Study Proposal #3: Opportunity Cost Neglect (C) | 03OCT13
Opportunity Cost Neglect occurs in the general population as implicit alternatives are generally not accessed when considering a focal choice without explicit prompting. Presenting a residual cash condition or priming subjects prior to a situation of focal choice causes opportunity cost to be considered. I claim that graduates of economics degrees would be more likely to consider opportunity costs in their decision making with and without prompting. This would suggest that prior learning and training around the concept of opportunity costs leads to an integration of the concept in daily decision making. This is important because :
“Recognition of opportunity costs lead to better choices since the generation of alternatives is universally regarded as an essential component of good decision making(Hammond, Keeney, and Raiffa 2002).”

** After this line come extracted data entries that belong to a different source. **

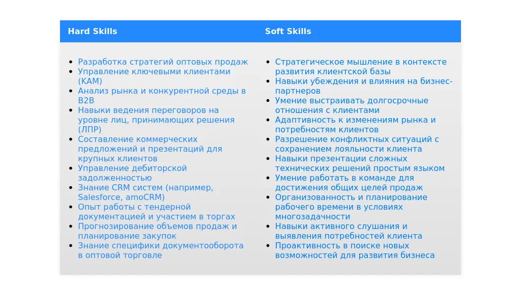 "Перевыполнение плана продаж" - Для вакансий, связанных с управлением ключевыми клиентами:"Ведение переговоров с ключевыми клиентами на уровне первых лиц"
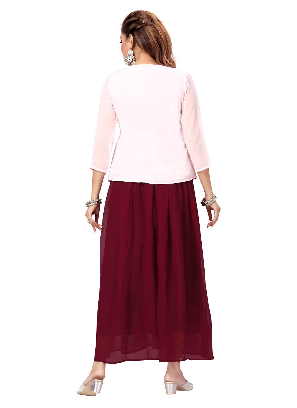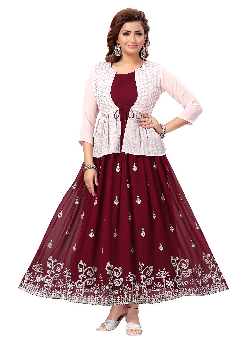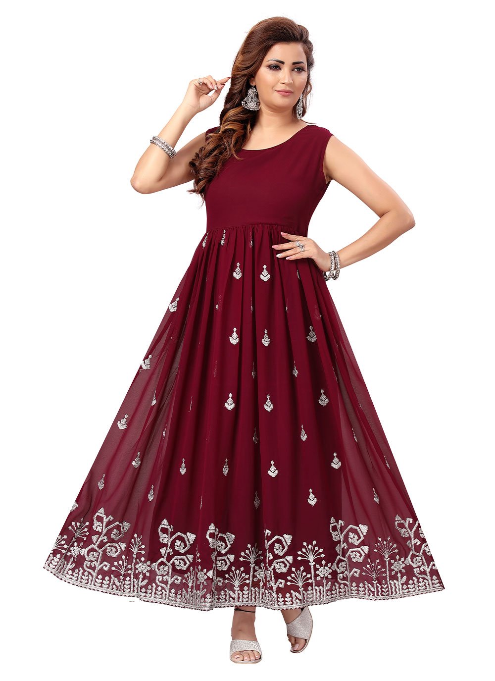 Make the heads flip whenever you costume up with this dazzling maroon georgette readymade gown. The interesting stone work in the course of the dress is awe inspiring. (Slight variation in color, fabric & work is possible. Model images are only representative.)
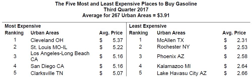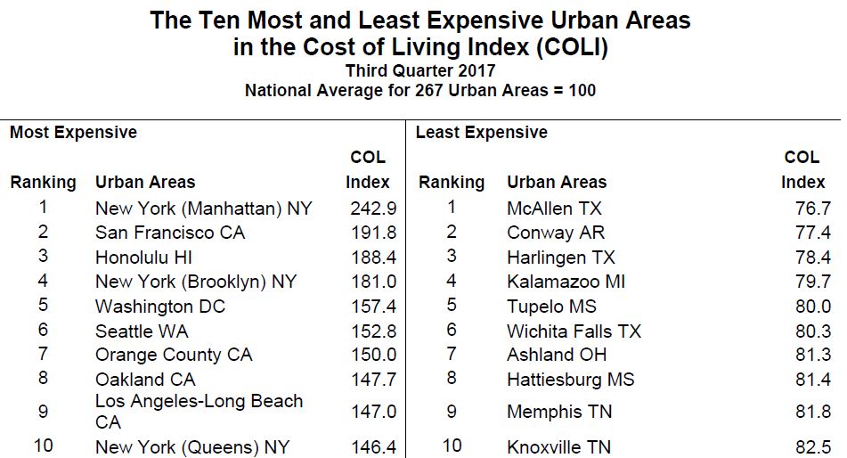 Among the 267 urban areas that participated in the third quarter 2017 Cost of Living Index, the after-tax cost for a professional/managerial standard of living ranged from more than twice the national average in New York (Manhattan) NY to more than 20 percent below the national average in McAllen, TX. The Cost of Living Index is published quarterly by C2ER – The Council for Community and Economic Research.
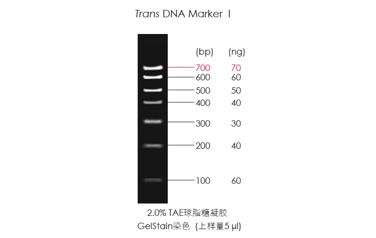 Trans DNA Maker I是由7條線狀雙鏈DNA條帶組成,適用于瓊脂糖凝膠電泳中DNA條帶的分析,不建議用于聚丙烯酰胺凝膠電泳。本產(chǎn)品為即用型產(chǎn)品,已含有1×Loading Buffer,可根據(jù)實驗需要,直接取5 μl電泳,使用方便,電泳圖像清晰。便于準(zhǔn)確判斷目的產(chǎn)物DNA的量。
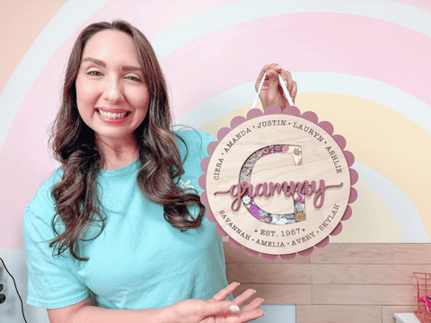 🌸 Grandma • Mom • Nana Initial Sign Bundle – Layered Laser Files One design. Three heartfelt versions. This layered round sign bundle includes: Grandma version Mom version Each design features: A bold floral-filled initial...

If we want members of our society to be good decision makers, we must understand what makes them consider opportunity cost by default. A first step would be to figure out if economics training actually improves people’s daily consideration of opportunity costs.
A 2×2 experimental matrix with testing on graduates from a random distribution of non-economics programs as a control and economics graduates as the independent variable will be sufficient. The experiment will follow the same structure as study #5 in the Frederick et al. experiment on opportunity cost neglect
In the experiment, all participants will be given a survey with a choice between stereos presented in a control condition and a residual cash condition with an opportunity cost prompt. After completing their choice, participants will complete a quick survey on how much education in economics they have had (from none, to basic micro/macro, to which economics degree specialization). This information will provide a basis for follow up studies on what amount and type of economics knowledge helps people take into account opportunity cost spontaneously.
|participants choices & hypothesis||Control Condition (stereo choice)||Residual Cash Condition (stereo choice with opportunity cost)|
|Economics Graduates||(A) Choice share shifts towards cheaper option to statistically significant degree compared to (C)||(B) Choice share shifts towards cheaper option to statistically significant degree compared to (A)|
|Control Graduates||(C) control||(D) Choice share shifts towards cheaper option to statistically significant degree compared to (C)|
If my claim that economics graduates have opportunity cost ingrained in their decision making system is accurate, then this study will find that, compared to the general population, economics graduates’ choice share will be towards the cheaper option without prompting and towards the cheaper option to an even greater extent with prompting.
This study would suggest that people trained in economics have a higher chance of spontaneously considering opportunity costs. We could train people to make better decisions by integrating some degree of economics training into primary to post-secondary education.